¿Puede la observación de aves cambiar tu cerebro?
¿Cuál es la diferencia entre una garza real y una garceta nívea? A simple vista, estas dos aves zancudas parecen muy similares, pero si las observas más de cerca, notarás las patas de color amarillo brillante —a modo de «zapatillas doradas»— de la garceta nívea, su pico oscuro y puntiagudo, y las plumas blancas y encajeadas que le crecen desde la parte posterior de la coronilla hasta la nuca, ondeando al viento en un día ventoso. O bien, verás el largo cuello en forma de «S» de la garza real, con sus patas negras y su pico amarillo brillante, que destaca en algún lugar a la orilla del agua.
La capacidad de reconocer y recordar estos pequeños cambios en los rasgos, la silueta, los movimientos, los sonidos y el comportamiento entre las diferentes especies aumenta la neuroplasticidad de tu cerebro, lo que significa que, literalmente, puedes reconfigurar tu cerebro para que esté más ágil a lo largo de tu vida gracias a la observación de aves. Un estudio publicado por la revista *Journal of Neuroscience* reveló un aumento de la densidad celular en las regiones corticales frontoparietales y posteriores del cerebro —áreas responsables del reconocimiento de objetos, la memoria y la percepción— en los observadores de aves expertos, en comparación con los novatos. ¡Qué fascinante!

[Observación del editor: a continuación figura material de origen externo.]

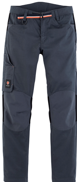
■ 1753 PARADE GREY

EN14404 + A1 (2010) Type 2 niveau 0 TAILLES 36-46

Y no solo eso, sino que el sonido melódico del canto de los pájaros activa nuestro sistema nervioso parasimpático (SNP), lo que hace que nuestro ritmo cardíaco se ralentice, los músculos se relajen y una calma constante inunde nuestro cuerpo. Esto se debe a que los pájaros solo cantan cuando saben que su entorno está libre de peligro, y los primeros seres humanos asociaban los bonitos cantos de nuestros compañeros alados con una señal de seguridad, algo que aún recordamos en lo más profundo de nuestro ser, a un nivel instintivo y primitivo. Escuchar los cantos de los pájaros a primera hora de la mañana reduce los niveles de cortisol y nos ayuda a sentirnos más centrados y conscientes a lo largo del día, además de crear una poderosa conexión con el mundo natural que nos rodea.